The misapplication and misuse of AI is yet another challenge. Algorithms can be developed for one purpose but used for another. This can create vulnerabilities to manipulation. For example, in the molecular sciences, we’ve seen increasing use of generative AI to design molecular structures. AI can generate structures that have drug-like properties, representing molecules that would be delivered to specific tissues, which makes them promising drug candidates. However, one could take the exact same algorithm and tweak the criteria.
Thus, instead of optimizing molecules to behave like medicines, the algorithm could generate molecules that resemble bioweapons. There should be a critical conversation around what is responsible use of AI in science. We need to think about establishing ethics review processes and implementation guidelines that currently do not exist.
HMNews: What do you see as some of the solutions?

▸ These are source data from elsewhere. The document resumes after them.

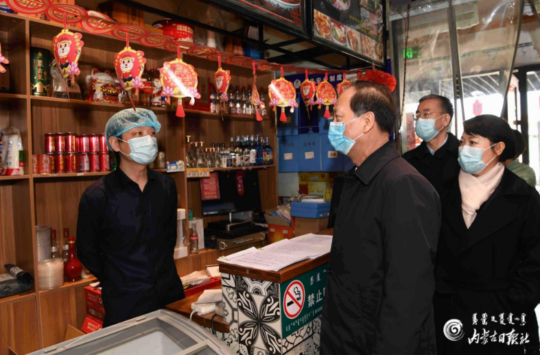 3月12日,自治区党委书记、人大常委会主任石泰峰随机走进一家临街餐馆,检查防疫措施,询问员工返岗和营业情况。 内蒙古日报社融媒体记者 袁永红 摄
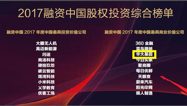 深创投投资企业华大基因获评2017年度“中国最具商业价值公司”。
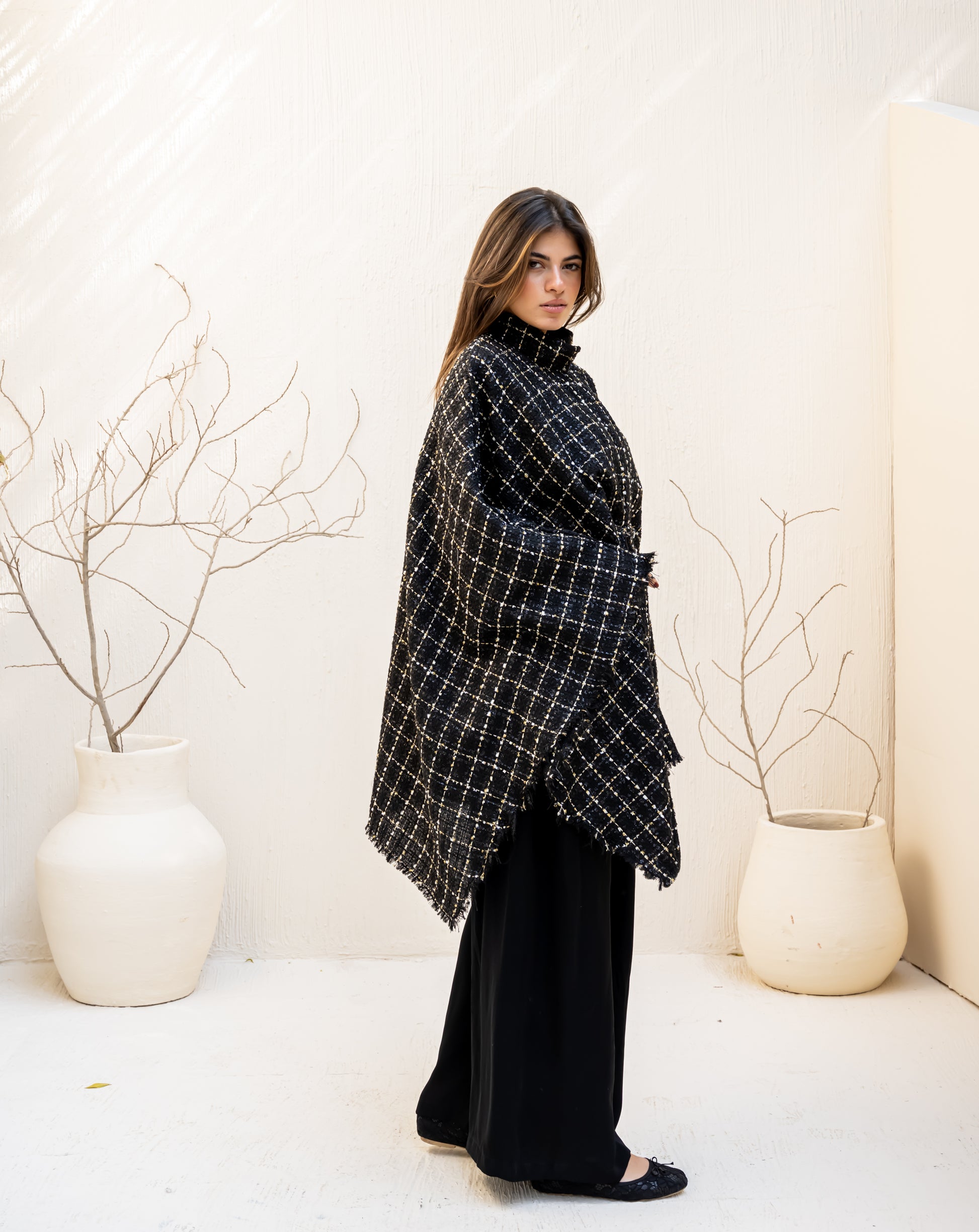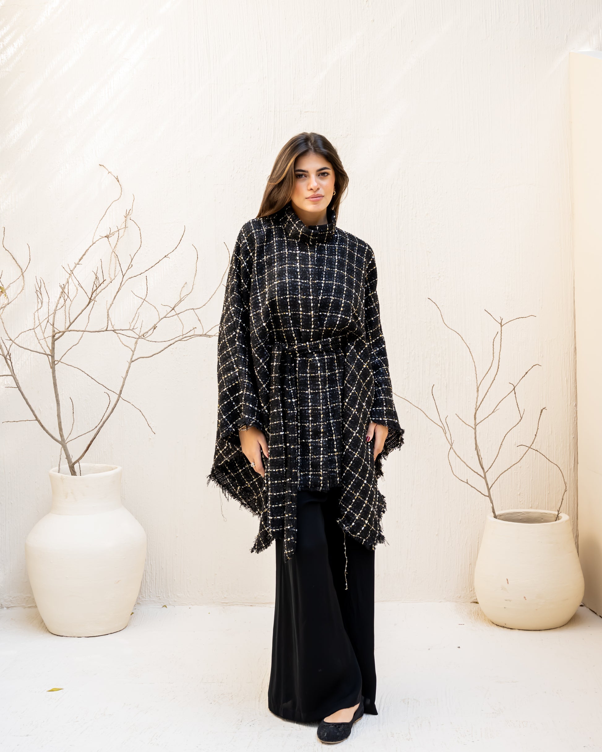 A timeless piece crafted from soft tweed fabric, combining elegance and comfort in a versatile one-size fit

Zitnik: Addressing the challenges will require new modes of thinking and collaboration. Moving forward, we have to change how research teams are formed. We expect to see more AI specialists and software and hardware engineers become critical members of scientific research teams. We expect novel forms of collaboration involving government at all levels, corporations, and educational institutions. Involving corporations is important because as AI models continue to grow in size, training these models will require resources that generally exist only in a handful of big tech companies. Universities, on the other hand, are better integrated across disciplines. Only at universities do we have departments of chemistry, biology, physics, and sociology, and so forth. Thus, academia is better positioned to understand and study how to prevent the various risks and misuses of AI.